For any internal sequence $x_n$ of hyperreal numbers, defined over hyperintegers $n = a, a+1, \ldots, b$, the sum $$ \sum_{n=a}^b x_n $$ is well-defined.

Now, the thing to pay attention to is that this sum only works for sequences that have a beginning and an end. For example, given any infinite hyperinteger $H$, we have

$$ \sum_{n=0}^H n = \frac{H(H+1)}{2} $$

but we cannot use this to make sense of a sum like

$$ \sum_{n \in \mathbb{N}} n = {???}$$

Note, incidentally, that the transfer principle can also be applied to infinite summation; we can define what it means for there to be a sum $\sum_{n=a}^{\infty} x_n$ for internal sequences $x_n$. But note this sum is over all hyperintegers greater than or equal to $a$. (In particular, $\infty$ is bigger than every hyperreal number)


Another thing you can do is define a brand new form of summation, which we might call the "ultrasum", by taking the "ultralimit" of the partial sums.

In particular, given the specific model of the hyperreals in terms of ultrapowers then given any sequence of ordinary reals $x_n$ for $n=0,1,\ldots$, we can define its ultrasum to be the hyperreal

$$ \left( \sum_{n=0}^0 x_n, \sum_{n=0}^1 x_n, \sum_{n=0}^2 x_n, \ldots \right) $$

Incidentally, if $H$ is the hyperreal corresponding to $(0, 1, 2, \ldots)$ and we use the sequence $x_n = n$, I think this ultrasum is the same value as the sum $\sum_{n=0}^H n$ given above.

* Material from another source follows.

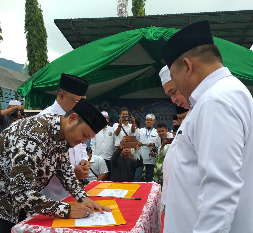 Nelwan (deadline news.com) SigiSulteng- Ketua umum (Ketum) Pimpinan Wilayah Dewan Mesjid Indonesia (PW DMI) Sulawesi Tengah Ahmad (Mat) Ali melantik ketua dan pengurus Dearah (PD DMI) Sigi, Agus Lamakarate.

For a brief sketch of how the definition above works, the point is that in real analysis, we can define a set $S$ of all finite sequences, and summation is a specific function from $S \to \mathbb{R}$.

The hyperfinite sum defined above is precisely the transfer of this function, which is an internal function ${}^\star S \to {}^\star \mathbb{R}$.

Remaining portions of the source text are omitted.